The life cycle of most of these sorts of fungi is similar for the biggest part but there can be differences in how spores are released which is sort of a detail though it helps to identify mushrooms. Very simply put you need at least two spores to germinate and form a network of strands called a mycelium (by feeding on substrate or medium), when these meet they can mate, a bit like a sperm and egg but more equal (gender equality ftw). The resulting mycelium is genetically 'unified' then and is now able to reproduce sexually itself. Resources are gathered in knots which then turn into pins (primordiae) which are "pre-mushrooms". These are then mostly inflated with water and the development is finished so that they can release spores. So the mycelium is the body of the fungus usually invisible in the ground and mushrooms are merely the sex organs spreading progeny.

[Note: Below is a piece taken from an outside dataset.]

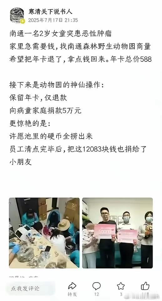 我们南通还是有慈善基因的[大金牙][赞] 我上学那会儿就有“莫文隋”,然后到更大规模的“江海志愿者”。 还有之前听说我们之前习以为常的“电影院不检票”,也是全国仅见。 现在平生仅见的“许愿池”的钱真正做慈善的。[大金牙] 真的为家乡点赞👍,“近代第一城”真正的内核应该就在此! 南通义工 南通公益商家 南通野生物园
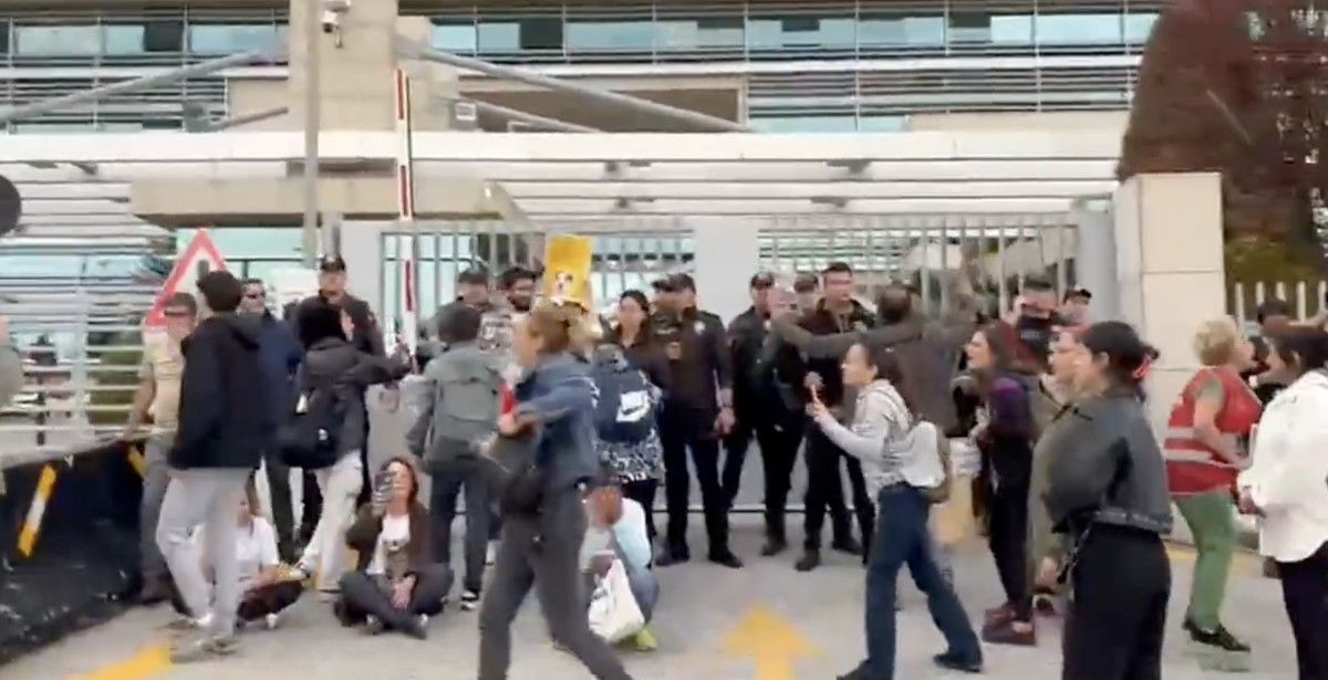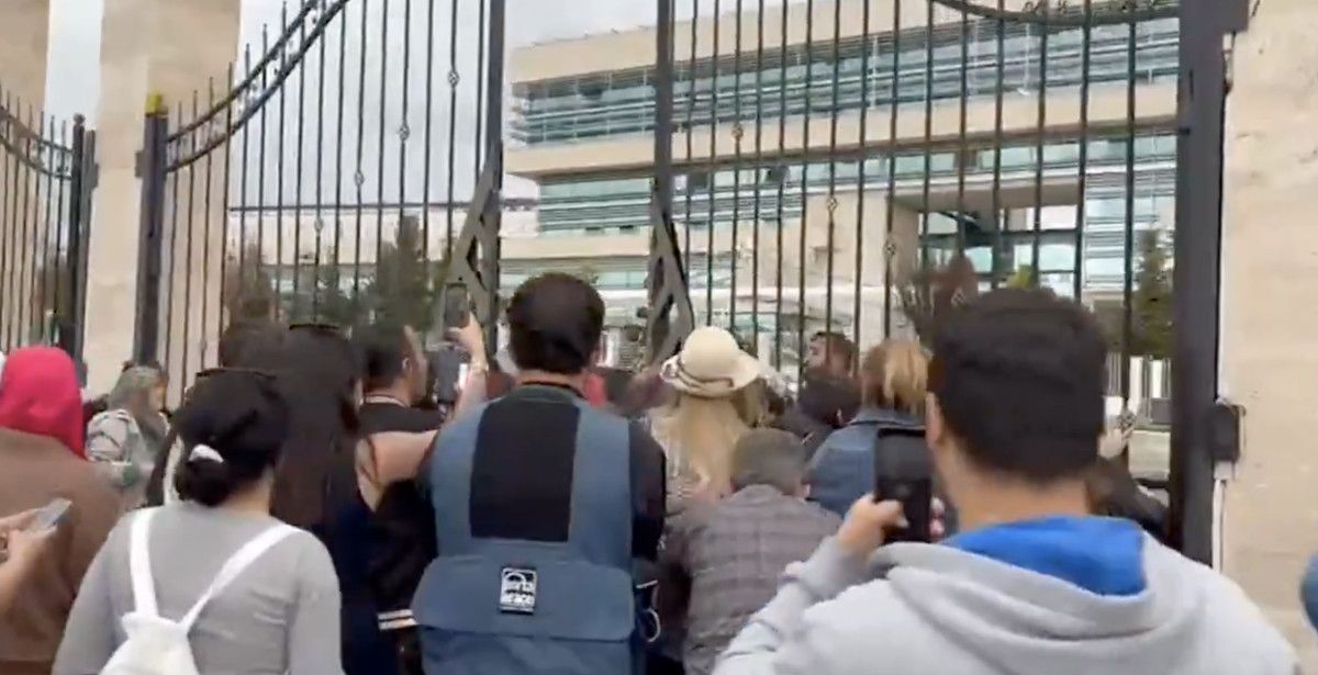 Onlarca kişi, AYM’nin demir kapılarına dayanarak zorla içeri girmeye çalıştı.

Propagation of fungi can happen in different ways, two major ones being:
- you can put a big amount of spores on a medium (meaning agar petri dish here), or substrate. With agar you can clean this up, by transfering small pieces of mycelium a few times you can isolate a winning set of genetics out of the ones that germinated from the spores... they can combine if they are compatible in a process called anastomosis... so they have a big brawl and the winning cultures can be picked. If you clean this up you create a monoculture - one set of genetics means more reliable grows, however it is impossible to predict what you are really getting at this stage so you'll have to test.
- you can take a mushroom and under sterile conditions take out a piece of it from the inside where nothing could have infected it, then if you put this on agar it will grow into a mycelium and you will have cloned it. This is a common way to work with wild mushrooms but you can also make a spore print and use the spores as described.
So if you trade or buy, cultures are just pieces of mycelium. Liquid culture is mycelium drifting in a liquid.
Not sure if you can buy chicken of the woods spawn, if so you don't need to know the life cycle and you don't need to propagate, just grow.